Effendi died in Jakarta on 24 May 1979. He was the older brother of Bachtiar Effendi, an Indonesian film actor and director.

==Themes and styles==
Effendi dealt with several themes in his works. Among the most prominent, especially in Bebasari, was anti-colonialism, with veiled criticism of the Dutch East Indies government. Other themes include love, both romantic and familial, as in the poems "Kenangan Lama" ("Old Memories") and "Kuburan Bunda" ("Mother's Grave"), and the beauty of nature, as in "Lautan" ("Sea") and "Bulan" ("Moon").
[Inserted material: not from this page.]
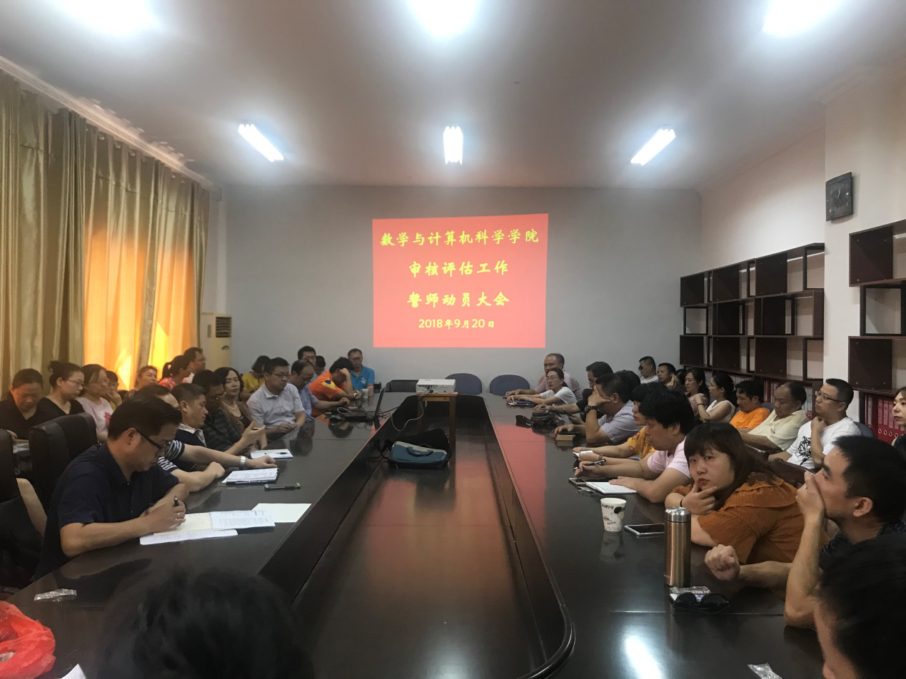 为迎接我校本科教学审核评估工作,进一步将全院师生的思想统一到评估工作的部署中,明确责任分工,数计学院于9月20日下午一点在红角洲校区C459会议室举行誓师大会,对预评估专家进校期间的相关工作进行再动员、再部署。学院党委书记程春清,院长舒斯会,副院长郝谦、万佩真,学院全体教师及学生代表参加了本次誓师动员大会,党委书记程春清主持了此次会议。
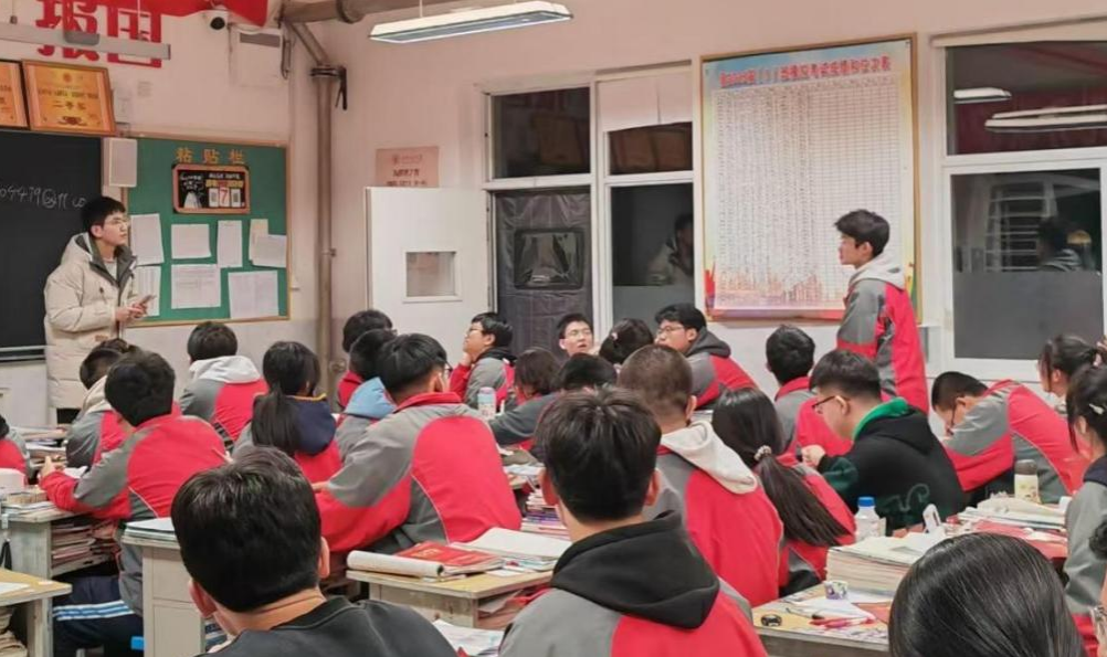 活动伊始,张桐首先看望了高中班主任,并深入了解高三员工的备考状态与现实需求。在老师的带领下,他走进一间高三教室,开启了一场别开生面的宣讲交流。

Effendi's language, although it reflected the patterns of Old Malay, was experimental. The writer borrowed from foreign languages, especially Sanskrit and Arabic. He occasionally changed words, including adding and subtracting letters, to suit his intended rhythm and tempo, such as by using "menung" instead of "menunggu" to say "wait". Compared to contemporary poet Muhammad Yamin, Effendi had stronger imagery.

==Reception==
The socialist literary scholar Bakri Siregar wrote that Effendi drew the anti-colonial struggle well, with evocative imagery, in Bebasari. The Dutch scholar of Indonesian literature A. Teeuw wrote that Effendi, as a poet, was "amazing, especially because of his language which had no equal" (Note: Original: "... amat mengagumkan terutama karena bahasanya yang tersendiri ...") and efforts to break away from the traditional syair. However, Teeuw opined that Effendi did not play a large role in the further development of Indonesian literature; he found Sanusi Pane as the most influential poet of the time.